Last week, Parker gave enough blood so that another T and B-cell marker could test could be done using flow cytometry. The last time that this test was performed was on June 6th and informed us that his thymus gland was still not functioning appropriately yet. The marker test gives us an absolute count of the different lymphocytes Parker has. Recall that there are three different types of T-cells that are matured in the thymus gland. For the first time ever, we finally had some evidence that Parker has significant numbers of these types of cells. On June 6th Parker had 121 cells /uL of CD3+/CD4+ T-cells, today the test informed us that he now has 592 cells/uL. On June 6th, the test revealed that Parker had 13 cells/uL of CD3+/CD8+ T-cells
, today the test revealed he had 232 cells/uL. On average, his mature T-cells have increased from 168 cells/uL to 903 cells/uL.

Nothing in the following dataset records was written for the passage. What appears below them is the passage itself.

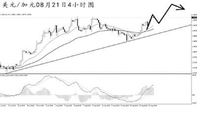 美元兌加元短線發(fā)起上攻。從4小時圖上看,MACD已經(jīng)進入到多頭動能充盈的階段,均線系統(tǒng)重新形成向上的排列,匯價繼續(xù)上攻的概率偏大。短線面臨一定的下行壓力,但仍可保持看漲的思路。
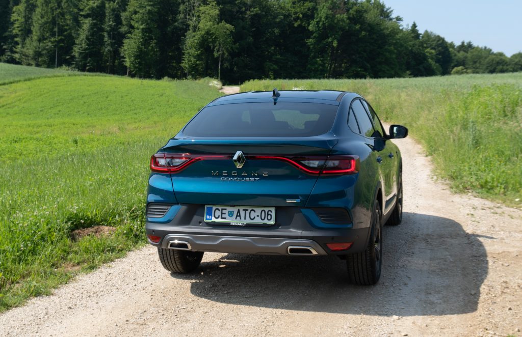Novinec je nekoliko nenavadna izpeljanka. Zasnovan je na konstrukcijski osnovi CMF-B, ki si jo delita Clio in Captur, torej manjša avta od Megana. Toda Megane Conquest je bistveno daljši, v dolžino namreč meri skoraj 4,57 m in je tako blizu karavanskemu Meganu Grandtour. Je tudi daljši od Kadjarja in bolj prostoren od tega »terenca« v kabini ter na podobnem nivoju glede prtljažnega prostora. Slednji namreč znaša 513 l pri bencinskih izvedbah (blagih hibridih) in 480 l pri hibridni različici, če je v dvojnem dnu zgolj komplet za popravilo pnevmatik, z rezervno gumo pa se uporabna prostornina občutno zmanjša. Nenavaden je ta avto tudi zaradi oblike. Že po višini je z malo manj kot 1,58 m nekje vmes med klasičnimi kombilimuzinami in SUV-ji. Nasajen je dokaj visoko, saj je odmaknjenost od tal 20 cm. Zadek, ki se kombilimuzinsko spušča in zaključi kupejevsko, pa spominja na poskuse prestižnih znamk, kakršnih doslej pri modelih za množični trg nismo videli prav veliko ali pa sploh nobenega. Izpade precej zanimivo in zanesljivo izstopa, na srečo tudi ni tako pretirano dimenzionirana kot kakšen BMW X6 ali X4.
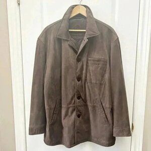 Vintage 90s Men’s Brown Suede Leather Jacket Oversized Size Large
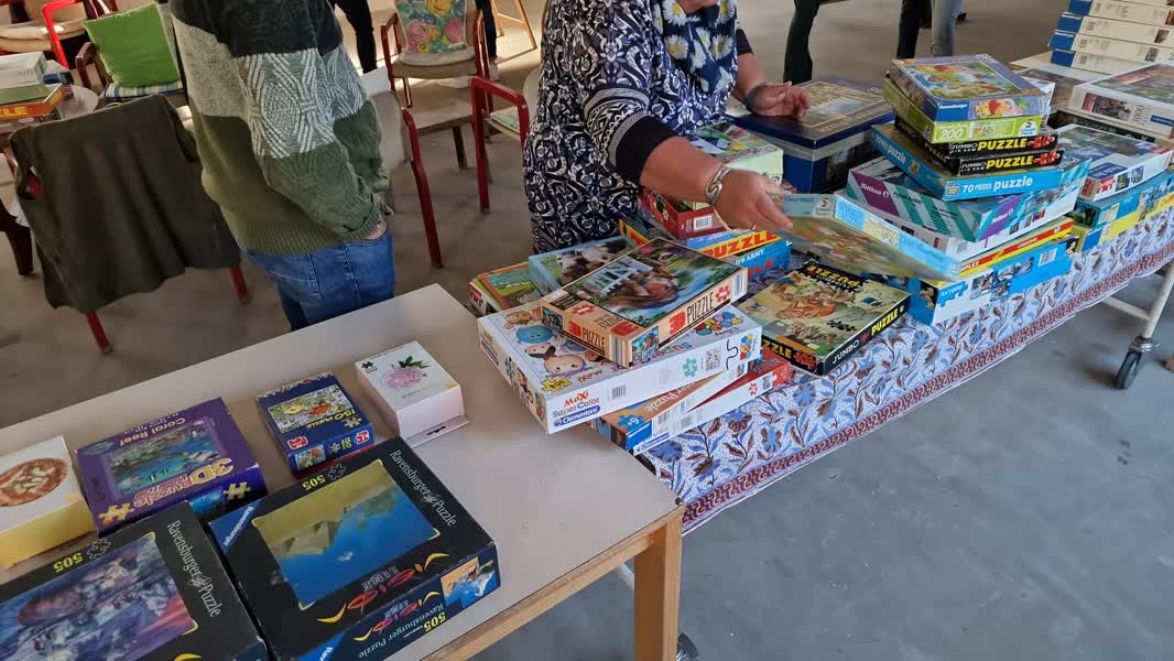 Bezoekers van de ruilbeurs hadden een uurtje de tijd om legpuzzels te ruilen. Daarna begon de verkoop van de gedoneerde puzzels. Over de bestemming hoefden Ria en Marion niet lang na te denken: de opbrengst komt ten goede aan Harmonie Unie in Sevenum. Ria speelt er zelf klarinet en ook het gele gezin van Marion maakt er muziek, behalve Marion zelf.
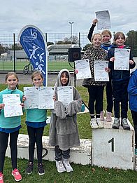 Grauer Himmel und kühle Temperaturen hindern Leichtathleten nicht daran, ihrem Sport nachzugehen. Das gilt auch schon für die jüngsten. So zog der LG Tross vergangenen Sonntag nach Lüdenscheid, wo die Kinder ab dem Jahrgang 2016 an einem Wettkampf im altehrwürdigen ehemaligen Zweitliga-Stadion von RW Lüdenscheid teilnahmen. Rennen (50m), (Weit-) Springen, (Ball-) Werfen und (800m-) Laufen standen natürlich auf dem Programm. Besonders aufregend waren dabei die 4x 50m Meter Staffeln, die die Mädchen U10 und Jungen U12 für sich gewannen. Doch auch in den Einzeldisziplinen gab es viele Siege und Podestplatzierungen. Das breiteste Lachen dürften dabei Anni Czympiel (Jg. 2016) mit 5 Siegen bei 5 Starts und Leo Keller (Jg. 2013) mit 4 Erfolgen bei 4 Starts auf dem Gesicht gehabt haben. Doch auch für die anderen LG-Teilnehmer sprangen etliche Erfolge und Podestplatzierungen heraus. So waren weiterhin am Start: Lisa Keune, Finn Blicke (alle Jg. 2016), Nail Altin, Juna Holt, Mathilda Danzeglocke, Charlotte Fründ (Jg. 2015), Salma Lassoule, Jonas Keune (Jg. 2014), David Reiss, Jonas Kosanetzky, Jakob Edelmeier (Jg. 2013), Josefine Fründ (Jg. 2012), Amina Lassoule (Jg. 2011).
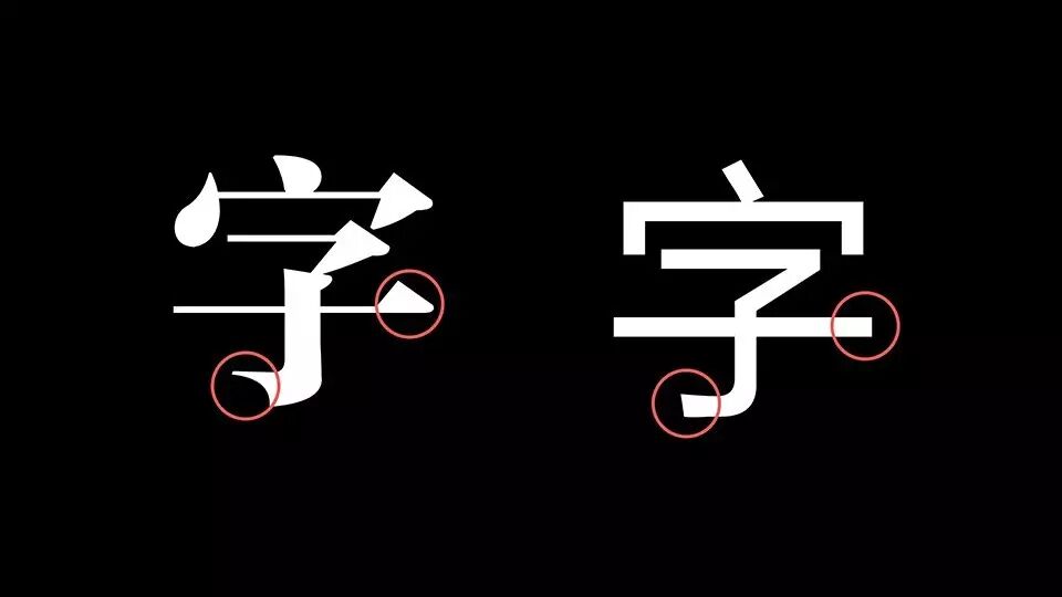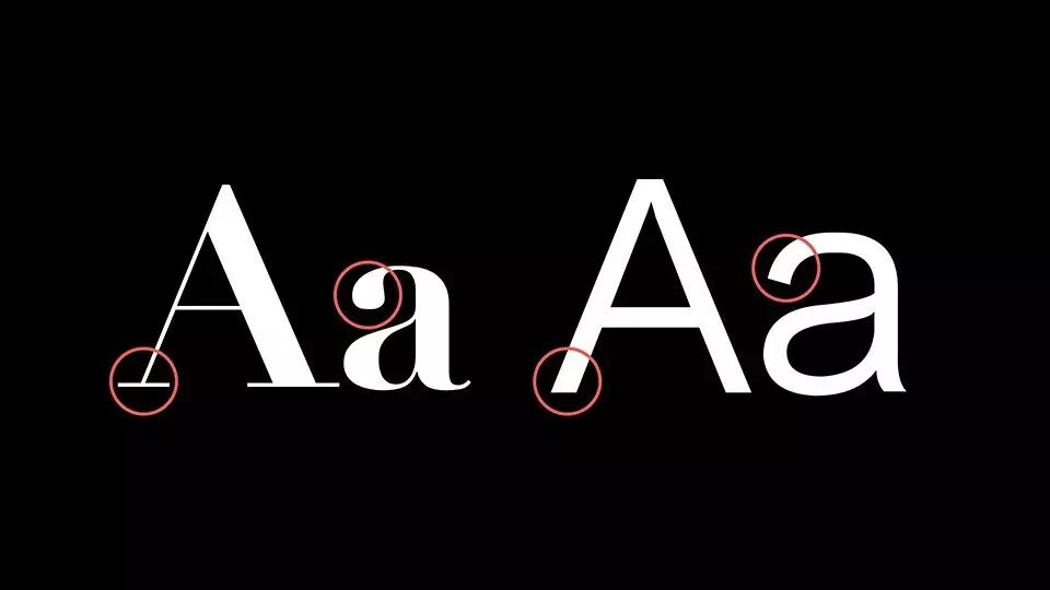 我们观察上面两幅图,注意左右两个字体被红色圈出来的部分。左边的字体,有粗细的变化,而且在笔画开始、结束或转角处有明显的修饰,这种字体是衬线字体。右边的字体粗细一致,没有多余的修饰,是无衬线字体。

To say that my wife and I were happy about the results is definately an understatement. Now, these numbers are still below what is considered normal for a child his age without an ADA deficiency but they are very good for a child with ADA deficiency.

Parker is currently receiving ADA enzyme replacement therapy to replace the missing enzyme that his body is incapable of producing. As a result, the enzyme has mopped up the toxins in his body that is causing his lymphocytes to be killed off. I had mentioned in numerous articles dating back to the time we had to decide on a treatment for Parker in April that long term enzyme replacement therapy is not a successful long term treatment for ADA Deficient Severe Combined Immunodeficiency and for that reason we disregarded it as his treatment. That said, he must remain on it for six months to take part in the gene therapy trial in Milan, Italy. The fact that he is capable of producing the different forms of T-cells lets me know that his thymus is capable of working. This is important because his thymus will need to do the same thing when it comes to gene therapy; it will have to mature T-cells.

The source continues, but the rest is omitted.